##### TASK INPUT

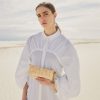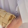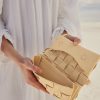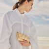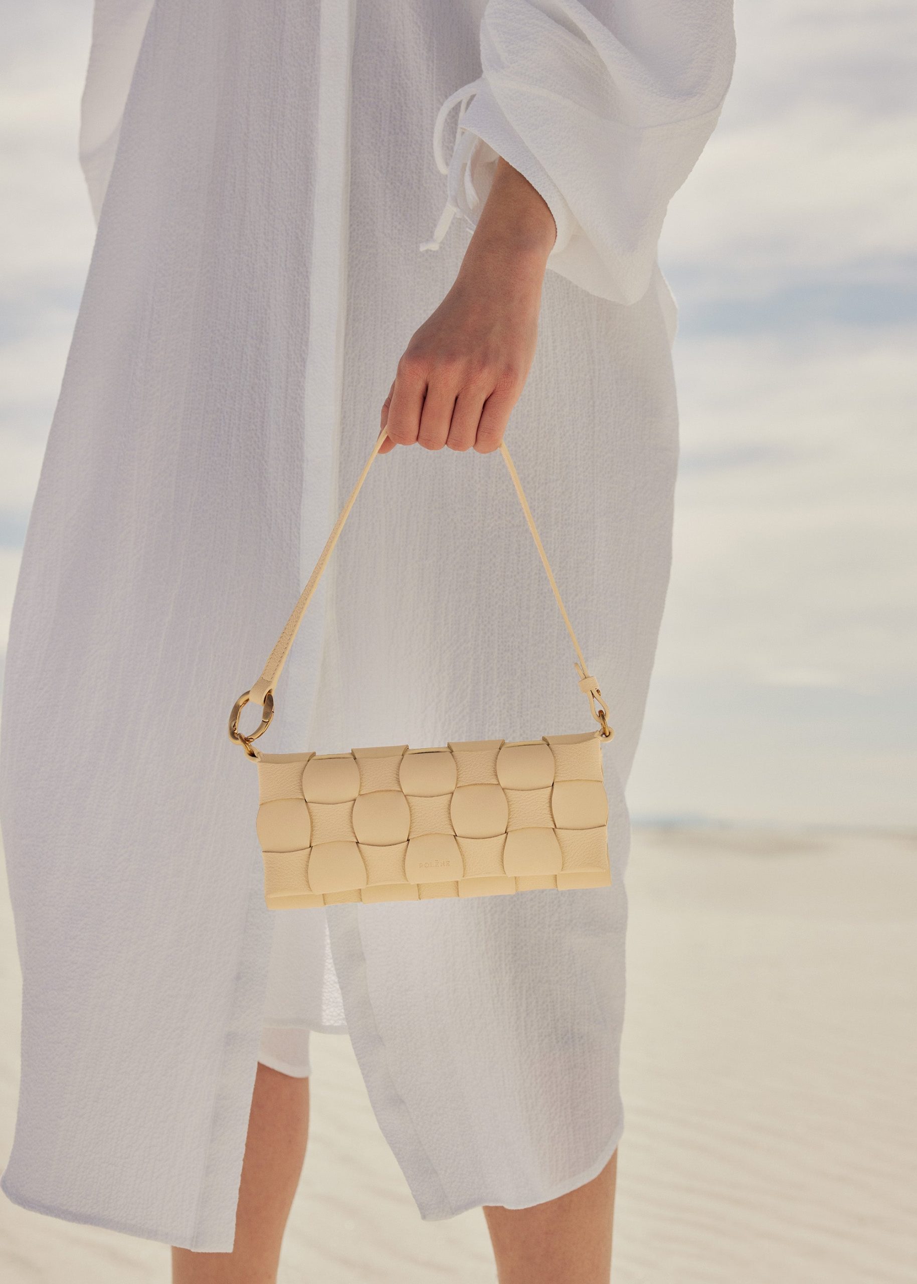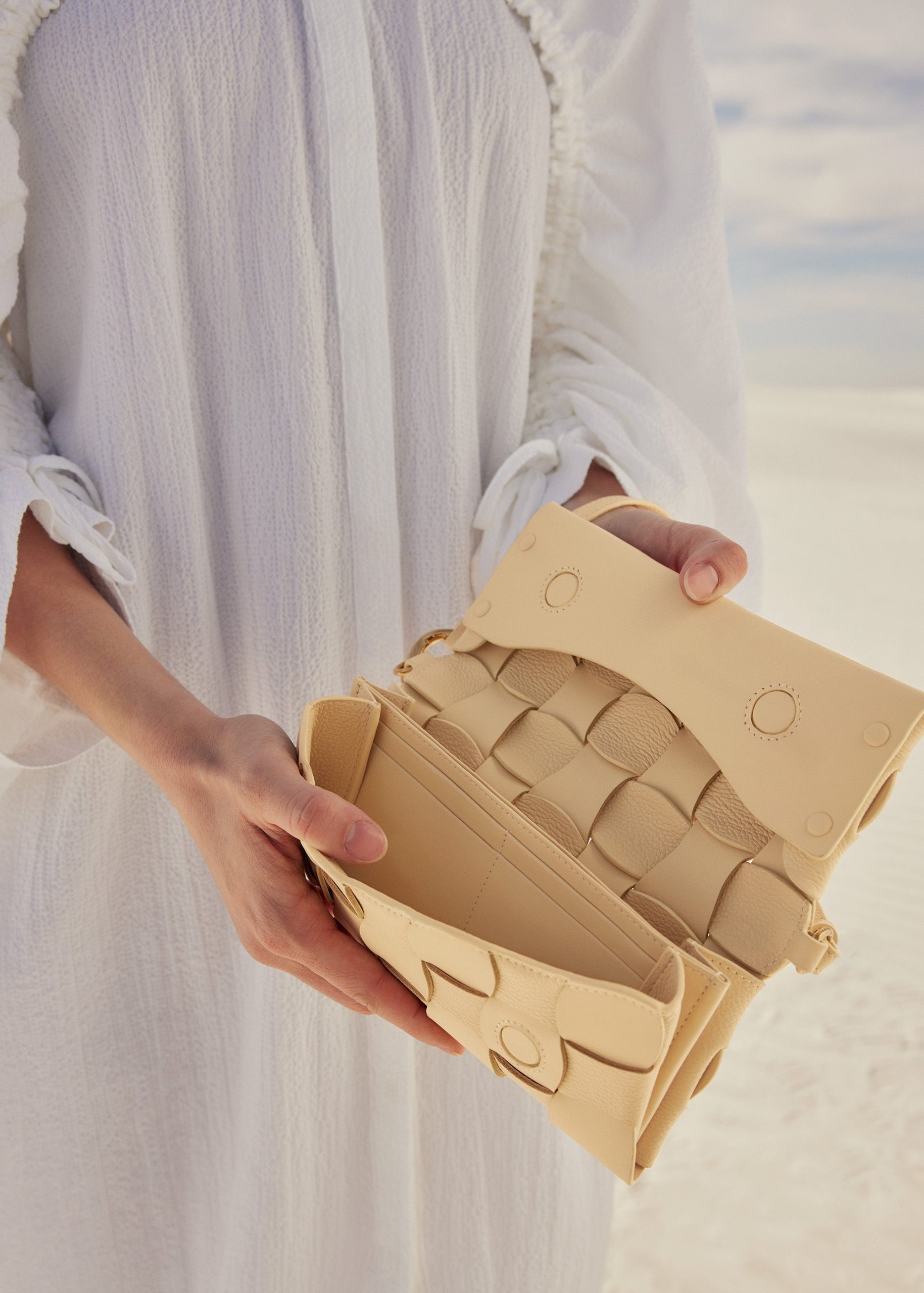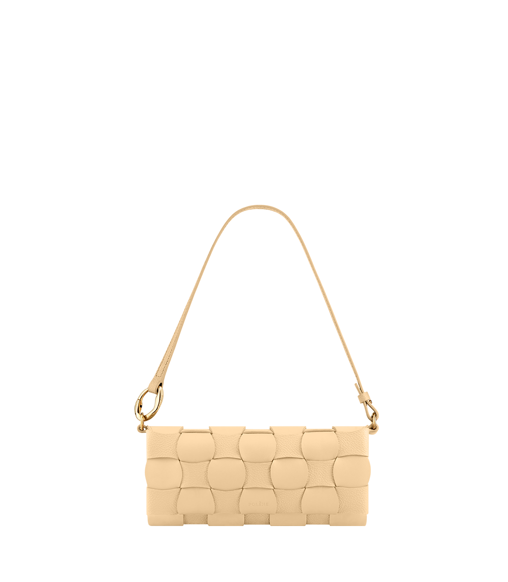 Le modèle Neiti réinterprète une technique iconique de la maroquinerie, le tressage, en l’adoucissant aux travers de lignes ondulées comme des vagues et en entrecroisant des cuirs ton-sur-ton lisse et grainé. Un savant jeu de pliage donne à ce mini-sac sa forme et son volume.
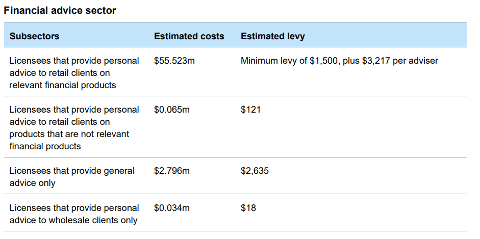 The total cost to regulate the financial advice sector is $58.42 million, which is broken down in the table below. The figure included $50.02 million for cost recovery and $8.3 million for statutory levies. The  estimated cost of retail holistic advice covered by the levy totaled $55.23 million.
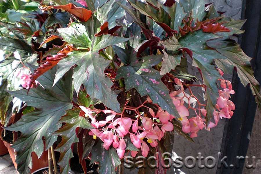 Лиственная часть имеет много схожего с кленом, потому такая бегония является одним из фаворитов для декора. Окрас варьируется от темно зеленого до оливкового с переходом в алый и бордо. Стебли крепкие, мясистые, покрытые ворсом. Кустарник разрастается до 50 см в высоту, но чаще всего останавливается на 30 см. Период цветения длится январь-февраль, когда появляются небольшие розовые цветки на тонких стеблях.
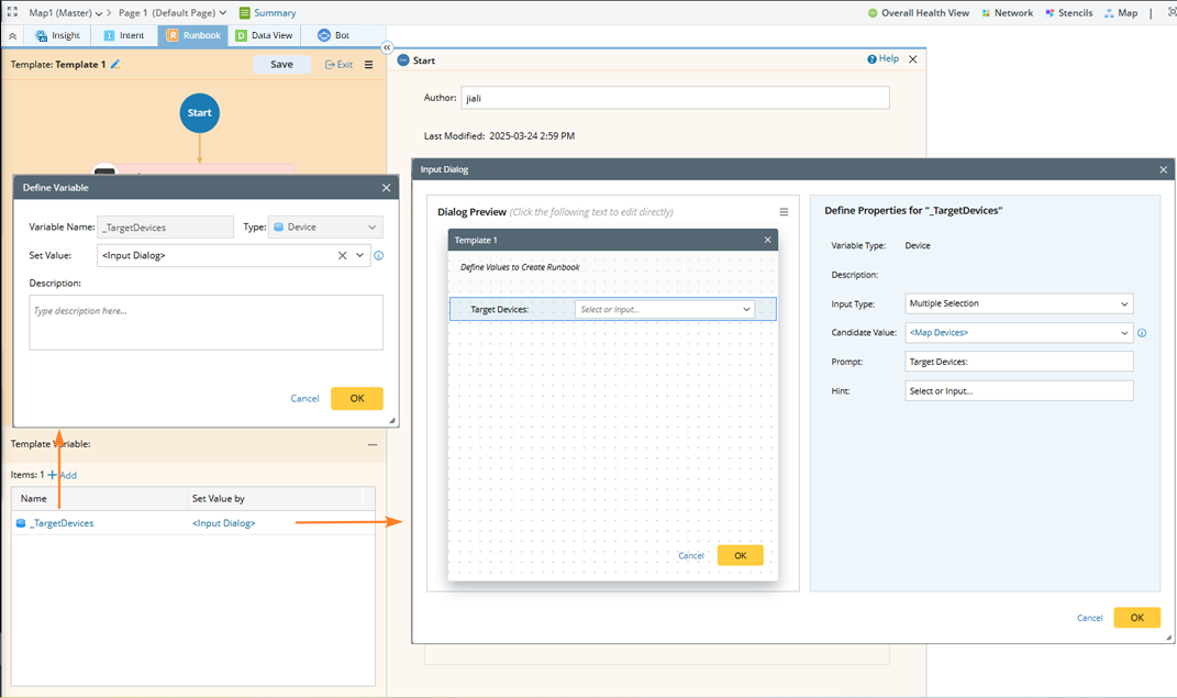 You can define the variable name and type, and set value for each type of template variable. The Input Dialog option controls whether the current variable value is user-defined or assigned through the input dialog. By default, this option is not selected. Once selected, the variable will appear in the input dialog and be assigned a value.
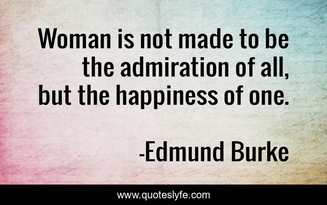 This page presents the quote "Woman is not made to be the admiration of all, but the happiness of one.". Author of this quote is Edmund Burke. This quote is about admiration, woman, happiness,.
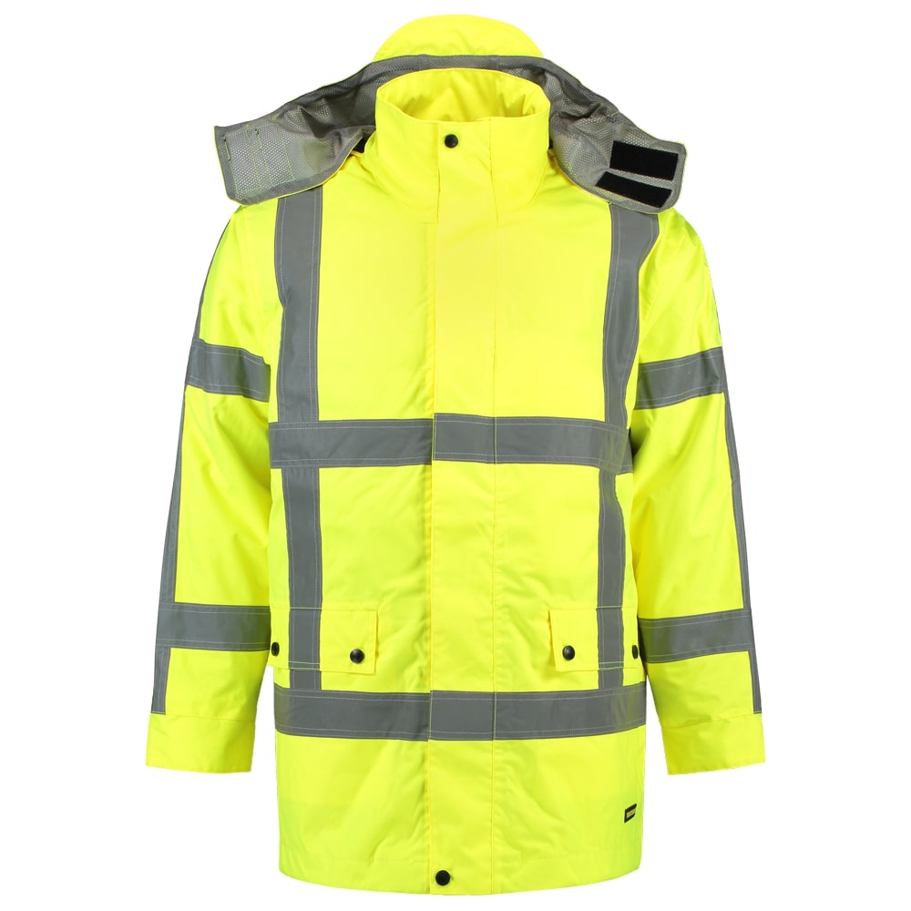 High-Visibility-Parka gemäß der Richtlinien des Rijkswaterstaat (RWS). Wind- und wasserdicht, atmungsaktiv nach EN343 Klasse 3:3. Mit versiegelten Nähten, PU-Beschichtung und wasserabweisenden Reißverschlüssen. Hohe Sichtbarkeit nach EN ISO 20471:2013, Klasse 3. Der Parka hat eine Kapuze, die mittels Reißverschluss abgenommen oder im Kragen verstaut werden kann. Mit wasserabweisendem Reißverschluss, einer Innentasche und einer Tasche fürs Handy. Längeres Rückenteil, 2-Wege-Reißverschluss teilbar und doppelte Wetterschutzleiste mit Regenrinne. Der Parka hat ein herausnehmbares Thermofutter und eignet sich für fast alle Jahreszeiten.
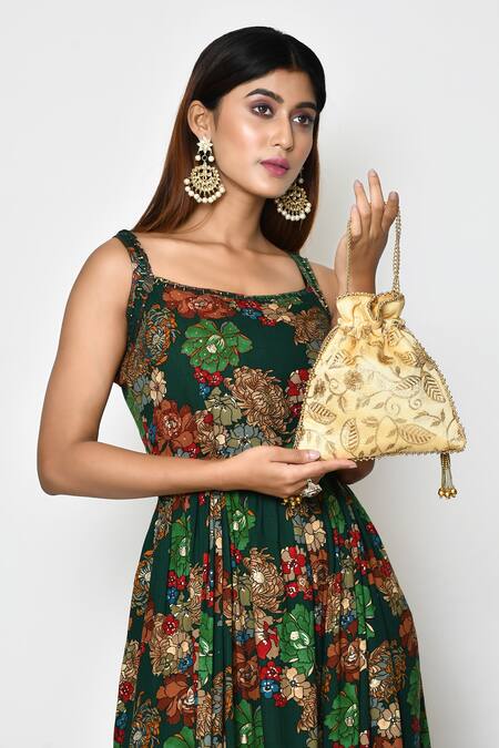 Metal chain handles, Dimensions: L x B (in inches): 9 x 10, Closure: Pull-out tasselled dori, Note: Outfit worn by the model is not for sale
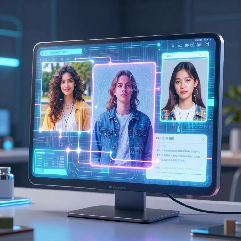 AI to try different hairstyles, expression of creativity and personalization, multiracial young people using advanced AI mirrors, realistic hair strands, glowing UI elements, warm studio lighting emphasizing textures, modern style, vibrant and lively atmosphere
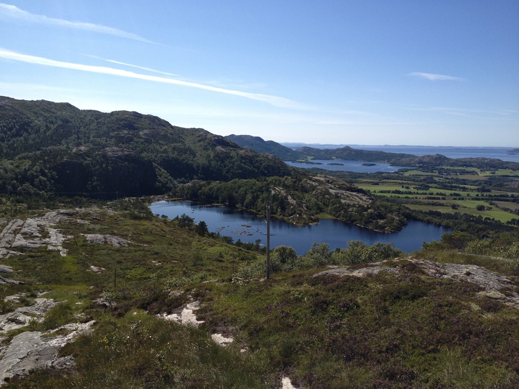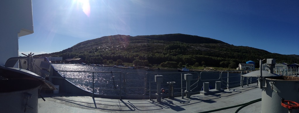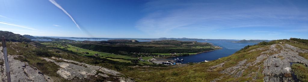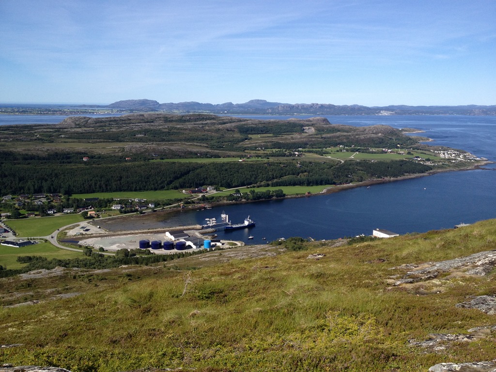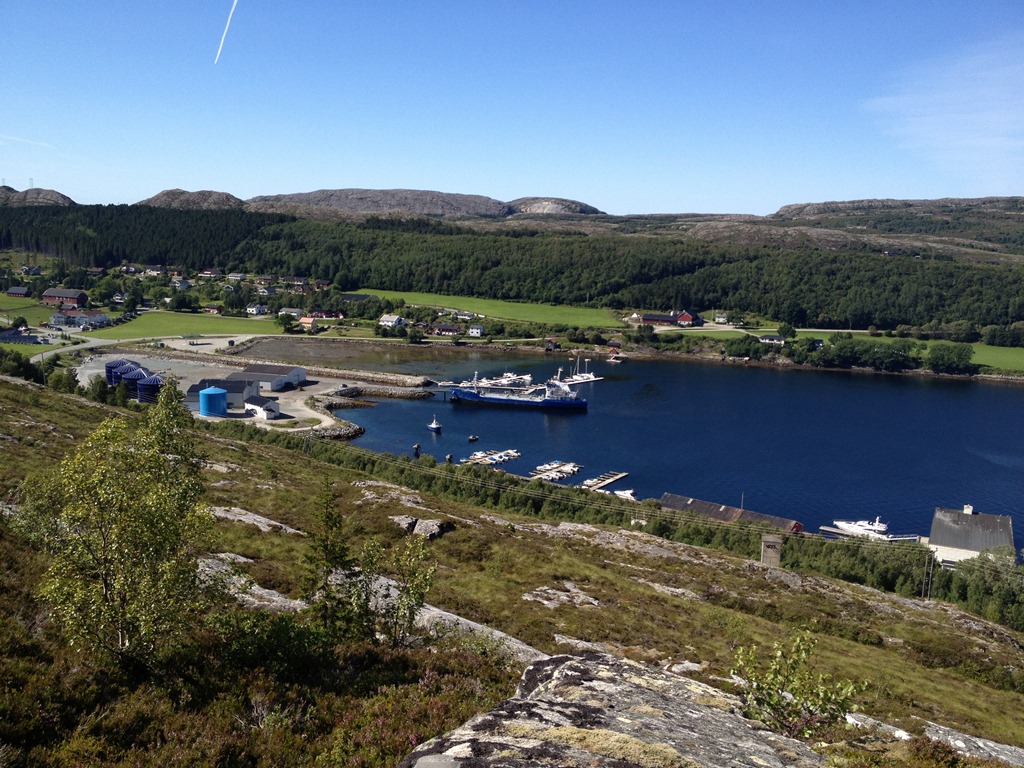 Efter lossningen så äter vi olika sorters fisk. Jag äter stekt makrill, Bernt äter stekt torskfile och de andra äter spekesild. Torsken och makrillen är fisk som jag fångade igår när vi låg i Lysöysund. När vi ätit klart så vilar vi en stund innan jag och Bernt tänker gå upp på fjälltoppen. Vi tog fel väg upp så Bernt vänder tillbaka ner efter ca 2 km. Men det är fin utsikt härifrån med.
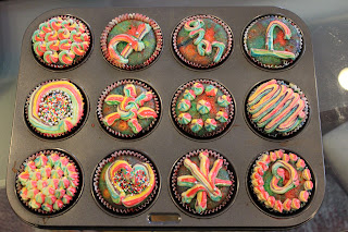 The picture above is white because you need to squeeze a bit of the frosting out first to allow the colour to run. =D and the pictures below are all the designs. hope you guys enjoy. revisit my previous post to see the instructions on how to do the rainbow icing. as for the buttercream frosting recipe *Vanilla Buttercream Frosting* <-- click the link. gave me some great tips about frosting and icing.i like this design the best though its going to be really sweet
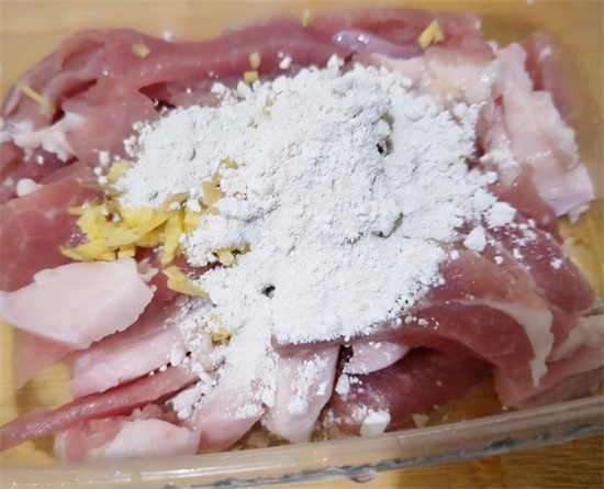 2.肥七瘦三的五花肉200克,将其切成厚片。肥的猪肉最好和瘦肉分开一些,这样容易煸炒出猪油,瘦肉也不会炒得太柴。猪肉里加生抽、酱油,生粉抓拌均匀腌制15分钟。
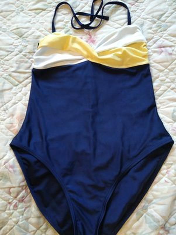 Гарний стильний купальник у басейн або пляж. Колір темно синій насичений, на грудях переплітаються біла і золотисто-жовта підступи, красиво присобран там. Вигідно підкреслює груди, стрункий. Дуже гарний класно виглядає, відмінно тягнеться. Розмір 48-52. Пересилаю. Питання в лічку. Дивіться також інші мої оголошення.
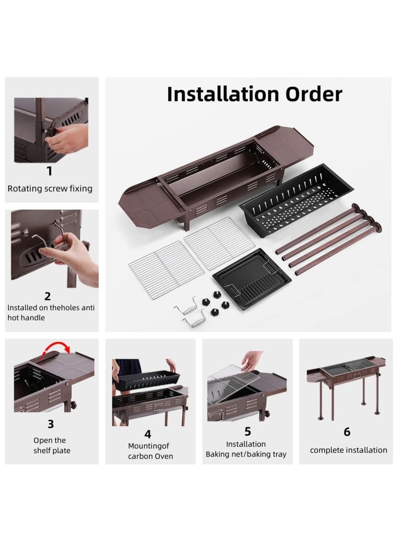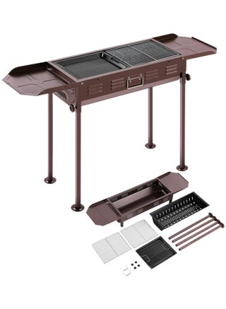 Barbecue Grill Mat Stainless Steel Charcoal Grill Foldable Outdoor Household Camping Equipment Suitable For 5 To 15 People A Brown

##########

TASK BRIEF:
Please output, exactly and with no pictures, only the lines from the one containing "2.肥七瘦三的五花肉200克" through the final line of the records above.

ANSWER SECTION:
 2.肥七瘦三的五花肉200克,将其切成厚片。肥的猪肉最好和瘦肉分开一些,这样容易煸炒出猪油,瘦肉也不会炒得太柴。猪肉里加生抽、酱油,生粉抓拌均匀腌制15分钟。
 Гарний стильний купальник у басейн або пляж. Колір темно синій насичений, на грудях переплітаються біла і золотисто-жовта підступи, красиво присобран там. Вигідно підкреслює груди, стрункий. Дуже гарний класно виглядає, відмінно тягнеться. Розмір 48-52. Пересилаю. Питання в лічку. Дивіться також інші мої оголошення.
 Barbecue Grill Mat Stainless Steel Charcoal Grill Foldable Outdoor Household Camping Equipment Suitable For 5 To 15 People A Brown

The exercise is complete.